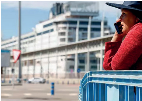
65 bolivianos regresan a Bolivia desde España

El crucero MSC Armonía, proveniente de Brasil
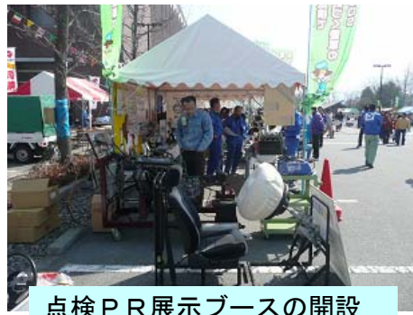
点検PR展示ブースの開設
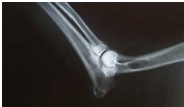
Fig. 7. Gomito dx
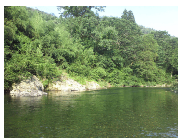
美しい清流、由良川が待っています。
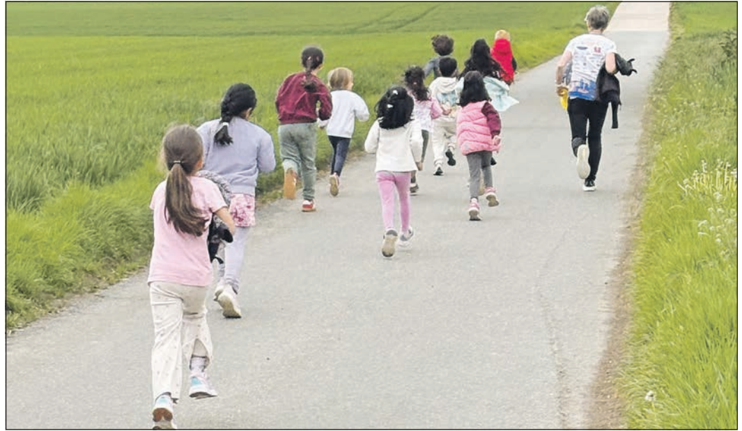
Die Kinder des Hartmut-Campus trainieren für die Bambini-Läufe.

Die Stadtverwaltung bittet um eine kostenfreie Anmeldung über das Eventportal eveno.com/eschborn_waermeplanung im Internet. Weitere Informationen erhalten Interessierte bei der Stabsstelle Energie und Klimaschutz der Stadt Eschborn per E-Mail an klimaschutz@eschborn.de oder unter der Telefonnummer 06196-490279.

• [Your instructions]: Each line of the data is to be duplicated exactly; pictures stay out of the copy.

• [Answer box]:
65 bolivianos regresan a Bolivia desde España

El crucero MSC Armonía, proveniente de Brasil
点検PR展示ブースの開設
Fig. 7. Gomito dx
美しい清流、由良川が待っています。
Die Kinder des Hartmut-Campus trainieren für die Bambini-Läufe.

Die Stadtverwaltung bittet um eine kostenfreie Anmeldung über das Eventportal eveno.com/eschborn_waermeplanung im Internet. Weitere Informationen erhalten Interessierte bei der Stabsstelle Energie und Klimaschutz der Stadt Eschborn per E-Mail an klimaschutz@eschborn.de oder unter der Telefonnummer 06196-490279.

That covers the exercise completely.